Poly(I:C) was purchased as a sodium salt (Sigma) and dissolved in water to obtain a 2.5 mg/ml stock solution. Short (0.2 to 1.0 kb) and long (1.5 to 8.0 kb) poly(I:C) preparations were purchased as formulations precomplexed with a transfection reagent [LyoVec-poly(I:C); Invitrogen]. Purified RRV dsRNA was prepared from concentrated virus stocks obtained by cesium chloride density gradient ultracentrifugation as described previously (15) using Trizol (Invitrogen) per the manufacturer's recommendations. Following chloroform extraction, RNA was precipitated with 4 M LiCl at 4°C, washed twice in 70% ethanol, and resuspended in RNase-free water. Commercial antibodies were obtained from the following suppliers: anti-IRF3 (FL-325 rabbit antibody from Santa Cruz Biotechnology), anti-tubulin (mouse monoclonal from Sigma), anti-p56 and anti-p54 (rabbit polyclonals from Thermo Scientific), anti-IRF7 (H-246 rabbit polyclonal from Santa Cruz Biotechnology), anti-VP6 (2B4 mouse monoclonal from Santa Cruz Biotechnology), and secondary horseradish peroxidase (HRP)-conjugated anti-mouse and anti-rabbit polyclonal antibodies (Amersham).

Virus infections and transfections.

Cells were plated in 6-well or 24-well cluster plates and infected when confluent after 18 to 36 h. Cells were washed three times with DMEM without additives, and virus was added at the multiplicity of infection (MOI) specified in the figure legends and adsorbed at 37°C for 1 h. Cells were then washed three times, and infection was allowed to proceed in DMEM lacking serum for the times indicated on the figures or in the legends. For quantifying infectious virus, 0.5 μg/ml trypsin (Sigma) was included in the DMEM, infected MEFs were collected 48 h later, and virus was released by three freeze-thaw cycles. Clarified supernatants were used for infection of MA104 cells following trypsin activation at 5 μg/ml for 1 h at 37°C. Virus titration was performed using a fluorescent focus-forming assay in MA104 cells as described previously (17). For transfection of poly(I:C) or purified rotavirus dsRNA, Lipofectamine 2000 (Invitrogen) was used at a ratio of 3:1 (vol/wt, Lipofectamine-RNA) as per the manufacturer's instructions. The final concentration of poly(I:C) or rotavirus dsRNA was 1 μg/ml in the cell culture supernatants. In experiments using short or long poly(I:C), LyoVec-poly(I:C) was directly added to culture medium at a final concentration of 1 μg/ml.

siRNA-mediated silencing.

MEFs were plated in 24-well cluster plates and 16 h later were transfected with siRNA at a final concentration of 50 nM using Lipofectamine 2000 (Invitrogen) following the manufacturer's instructions. Twenty-four hours later, cells were either infected with rotavirus or transfected with dsRNA as described above and then lysed and analyzed at the times indicated on the figures.

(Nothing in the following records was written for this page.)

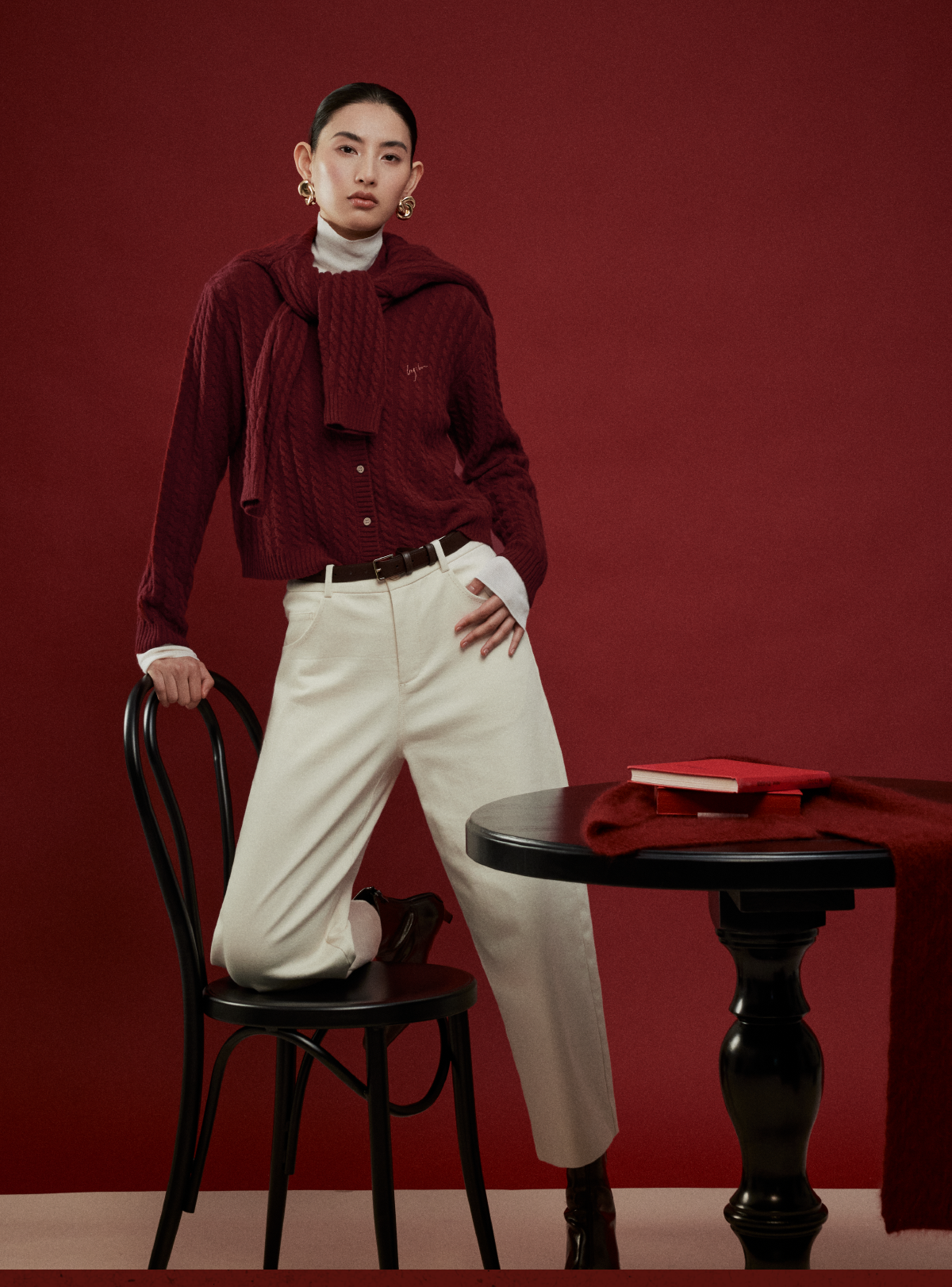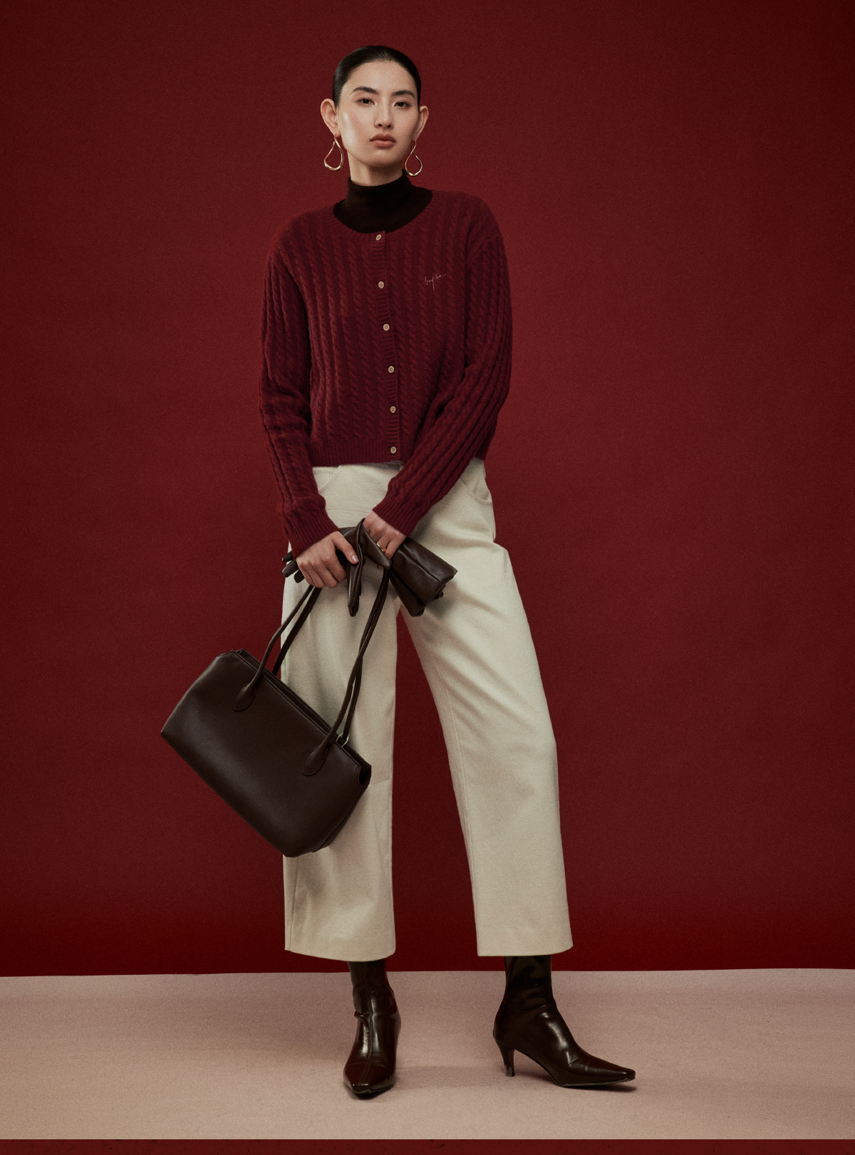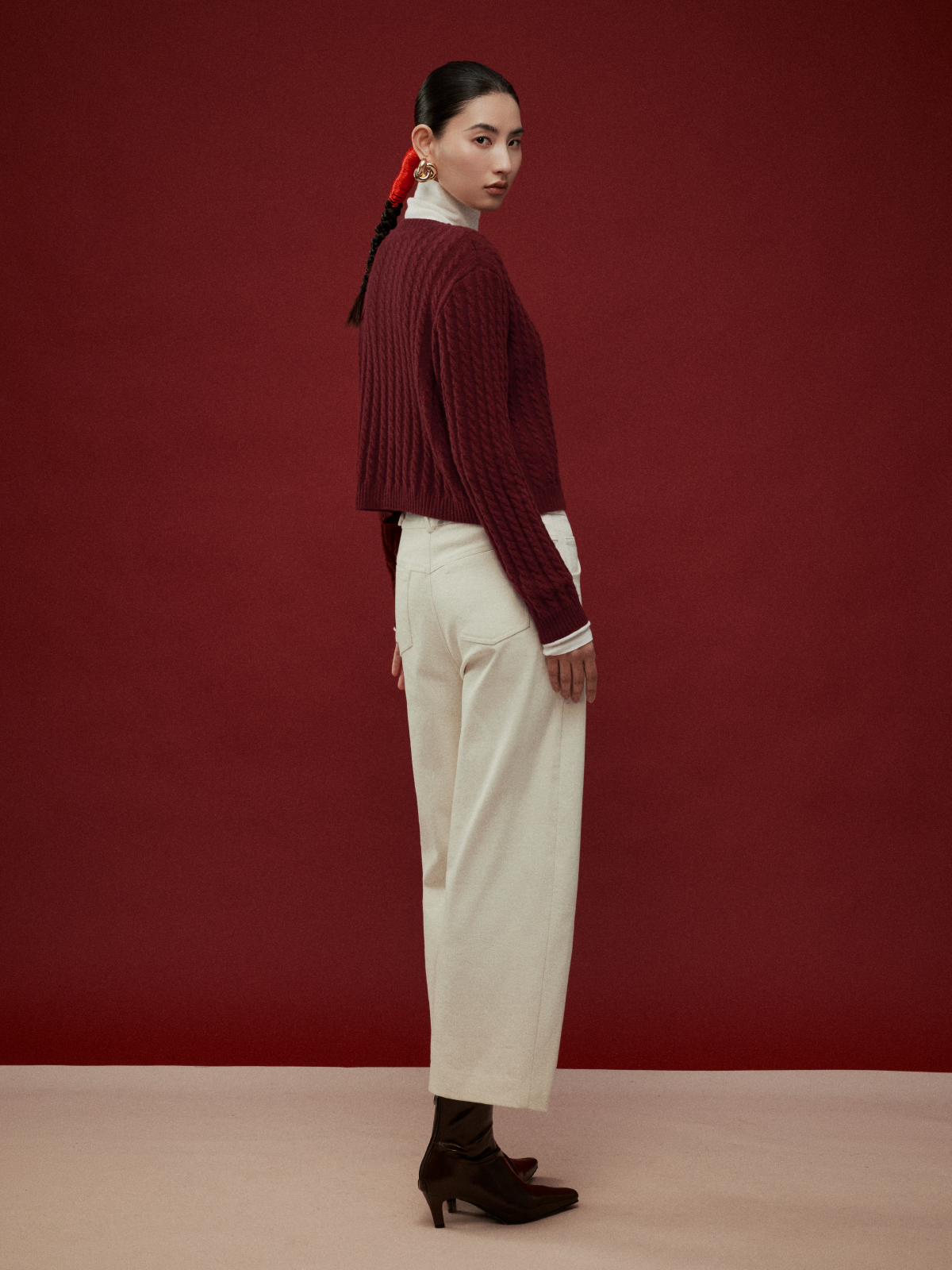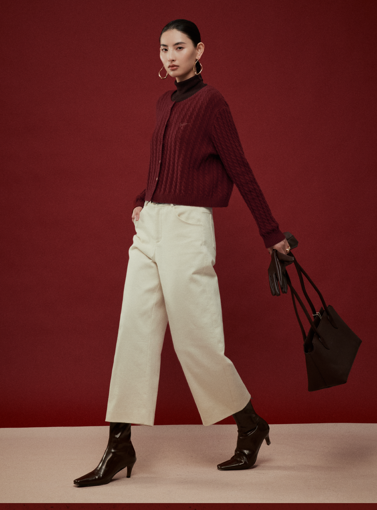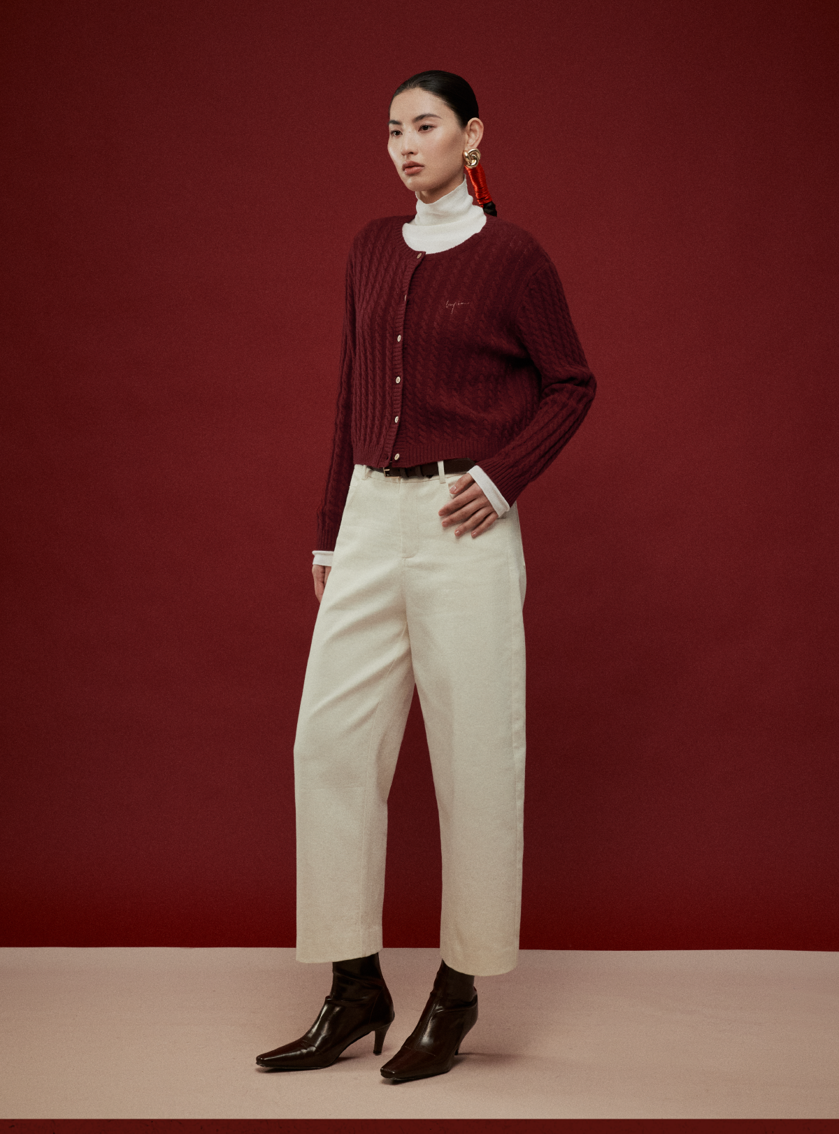 LIYIHAN写意集 2025年冬季新款羊绒混纺直筒休闲裤米白色女九分裤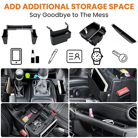 DIAMOOKY DIAMOOKY 4PCS Upgraded Center Console Organizer for Jeep Wrangler JL JLU 4xe 2018-2025 & Gladiator JT 2020 2021 2022-2025 Accessories Gear Shift Side Tray Hanging Armrest Storage Box (Not for JK/JKU)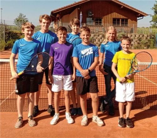 Die U15 II des TV Feldkirchen erkämpfte sich am letzten Spieltag den Aufstieg in die Südliga 4. Auf dem Bild von links nach rechts: Rupert Beck, Korbinian Lindner, Fynn Schröther, Sebastian Fried, Paul Andrusch, Jakob Reihl und Anian Seidl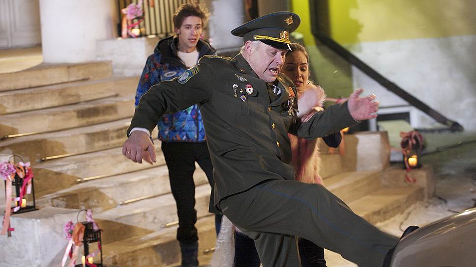 В случае с "Днем дурака" гоголевские параллели или знание текста "Ревизора" особо не понадобятся — это не перенос классики в современность, как, скажем, в недавнем "Дубровском", а вполне самостоятельное произведение, в сценарии которого режиссер Александр Баранов пытается шутить по-своему (с помощью Аркадия Казанцева и Сюзанны Муазен). Получается это не то что менее язвительно и ядовито, чем у Н. В. Гоголя, но даже как-то более вяло, чем в предыдущем совместном детище продюсера Бекмамбетова и режиссера Баранова — ремейке "Джентльменов удачи". Но туда еще можно было заманить зрителя удвоенным Сергеем Безруковым, в случае же с "Днем дурака" предъявить какие-то актерские козыри почти невозможно — единственное узнаваемое в народе лицо тут принадлежит Александру Лыкову (Казанова из "Улицы разбитых фонарей"), играющему банковского коллектора. Его жертвой становится молоденький швейцар (Алексей Веселкин-младший), убежденный, что в Москве все живут в долг, и купивший в кредит машину, чтобы в ней ночевать, потому что на съем квартиры денег ему не хватает. То есть с обещанной в названии фильма дуростью у парня все в порядке, немного хуже обстоит дело с комическим талантом актера, и задача хоть чем-то насмешить тут ложится в основном на гримеров, вынужденных выливать ему на голову ведра геля, чтобы поддерживать волосы в постоянно растрепанном состоянии. Это, наверное, должно отражать растрепанность неорганизованной натуры героя и ершистость его характера, но стоит хоть на секунду представить его гладко причесанным, и минимальный налет хлестаковщины мгновенно испарится.
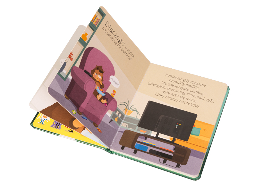 Prosty, bliski dzieciom tekst i pełne humoru ilustracje wyjaśniają, skąd się biorą złe bakterie i w jaki sposób szkodzą one naszym zębom. Najmłodsi czytelnicy dowiedzą się też, co zrobić, aby pozbyć się szkodliwych drobnoustrojów. Książka zawiera wiele ciekawostek o zębach ludzi i zwierząt i zachęca do dbania o piękny uśmiech.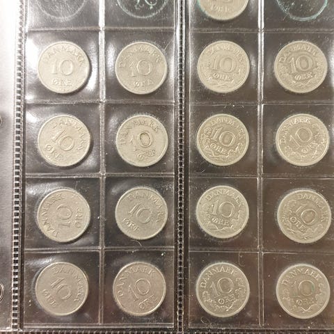 Sælger danske 10 øre i perioden 1924-1959 i ok stand. Både 10 øre 1933 og 1941 uden hjerte samt 10 øre 1959 til salg.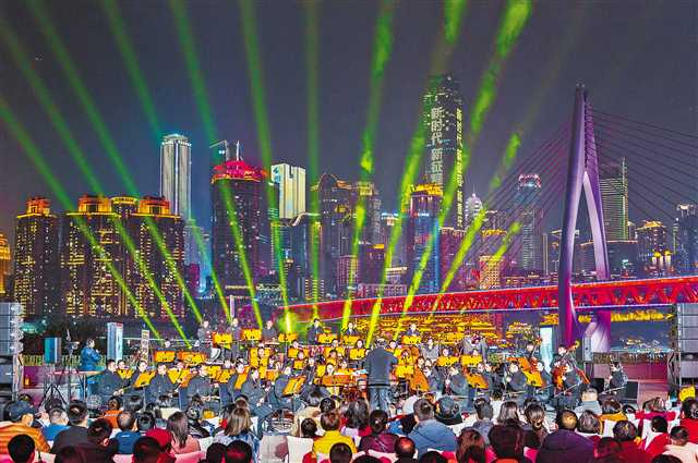 2月5日晚,重庆大剧院广场,一场主题为《春江花月夜》的江畔民乐音乐会上演,市民在一首首精彩的民乐中共度元宵佳节。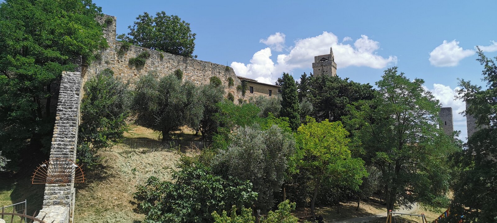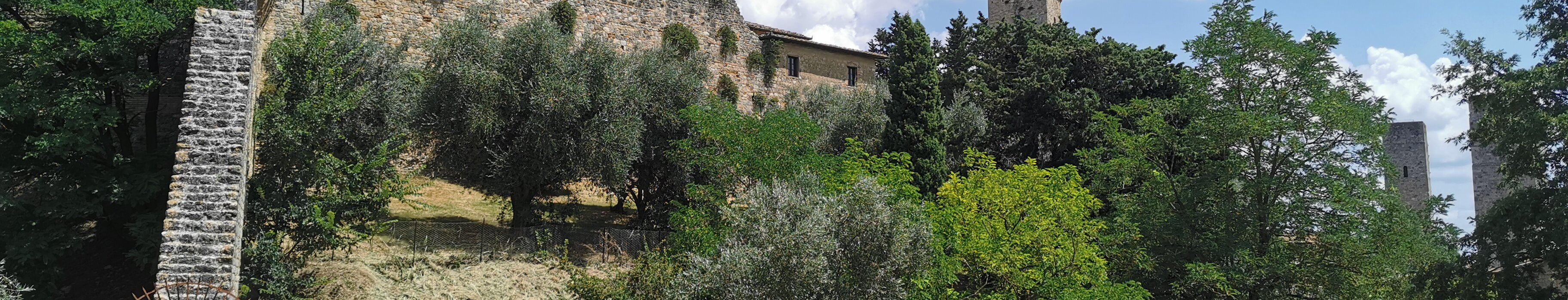 Vernaccia di San Gimignano, a type of grapes used to produce a local wine. Piazza DuomoSan Lorenzo in Ponte Labels
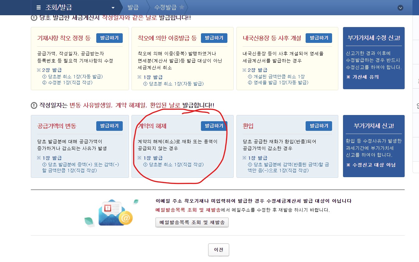 세금계산서 취소는 계약의 해제에 해당되니까 계약의 해제에서 파란색 발급하기를 눌러 줍니다.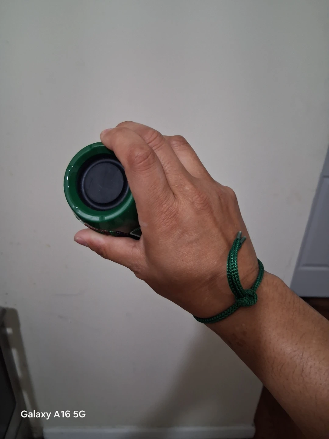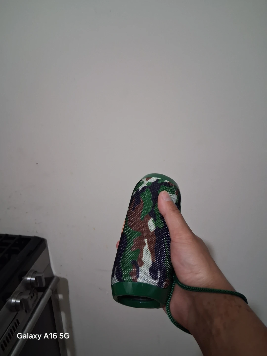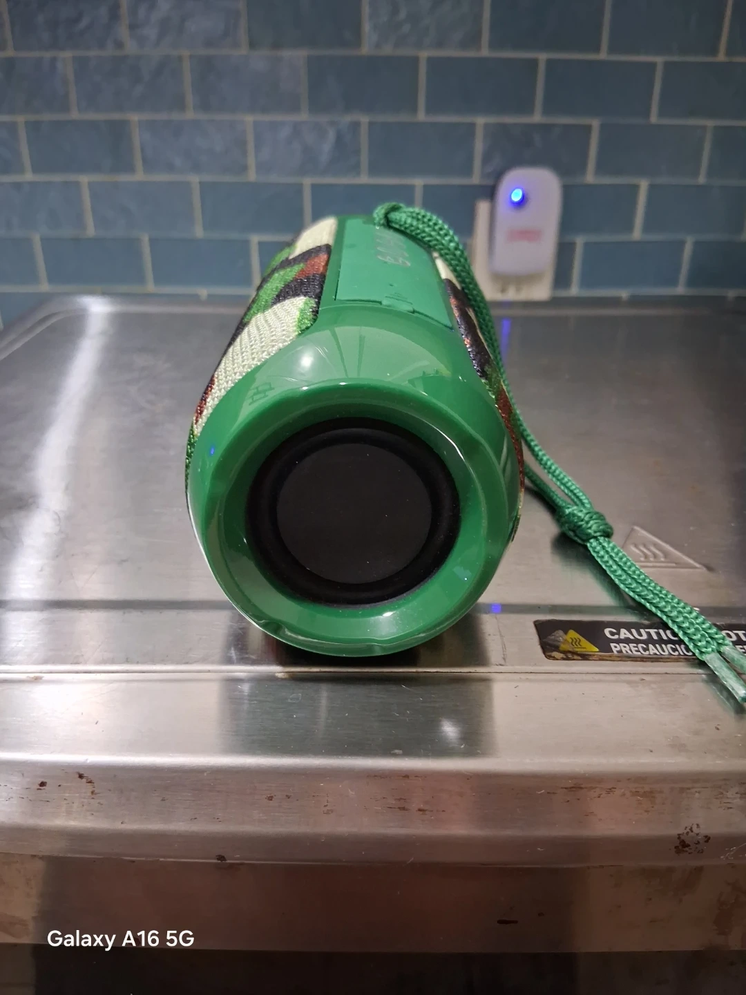 Portable T&G Bluetooth speaker with a camouflage pattern. It has playback controls on top and a convenient carrying strap. This speaker is great for outdoor use!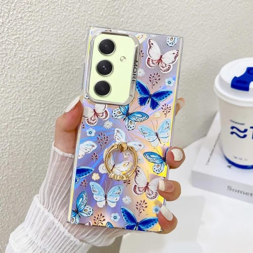 Estuche para Teléfono Samsung Galaxy A54 5G con Soporte Anillo Mariposa Láser Galvanoplastia (Azul)

Predesigned siRNA constructs targeting mouse TLR3, RIG-I, MDA-5, and a nonspecific control siRNA were purchased from Qiagen.

IFN measurement.

Cell culture supernatants were collected, and secreted mouse IFN-β was measured in duplicate using a Verikine mouse IFN-β enzyme-linked immunosorbent assay (ELISA) kit (PBL Interferon Source). Amounts of secreted IFN-β were calculated from a standard curve created using a mouse IFN-β standard as per the manufacturer's instructions.

qRT-PCR.

For quantitative reverse transcription-PCR (qRT-PCR) analyses, cells were lysed, and RNA was prepared using Trizol (Invitrogen) or the iScript RT-qPCR sample preparation reagent (Bio-Rad). Reverse transcription was carried out at 50°C for 1 h using Superscript III (Invitrogen), and the cDNA was analyzed using TaqMan assays in a real-time PCR instrument (Mx3005P; Agilent). Data were collected and analyzed by the comparative quantification method using the instrument software, Microsoft Excel spreadsheet software, and Prism statistical analysis software (GraphPad). TaqMan assays were obtained from Applied Biosystems and were as follows: IFN-stimulated gene 54 (ISG54; Mm00492606_m1), ISG56 (Mm00515153_m1), ISG15 (Mm01705338_s1), IRF7 (Mm00516788_m1), IFN-β (Mm00439546_s1), RIG-I (Mm00554529_m1), MDA-5 (Mm00459183_m1), A20 (Mm00437121_m1), IFN-α4 (Mm00833969_s1), IFN-α5 (Mm00833976_s1), GBP-2 (Mm00494575_m1), and glyceraldehyde-3-phosphate dehydrogenase (GAPDH; Mm99999915_g1). The TaqMan assay for rotavirus gene 11 plus strand consists of the following primers and a probe labeled at the 5′ end with Cy5 and at the 3′ end with Iowa Black RQ-Sp from Integrated DNA Technologies: forward oligonucleotide, 5′-CTG CTT CAA ACG ATC CACTCA C-3′; reverse oligonucleotide, 5′-TGA ATC CAT AGA CAC GCC-3′; probe, 5′-TCA AAT GCA GTT AAG ACA AAT GCA GAC GCT-3′.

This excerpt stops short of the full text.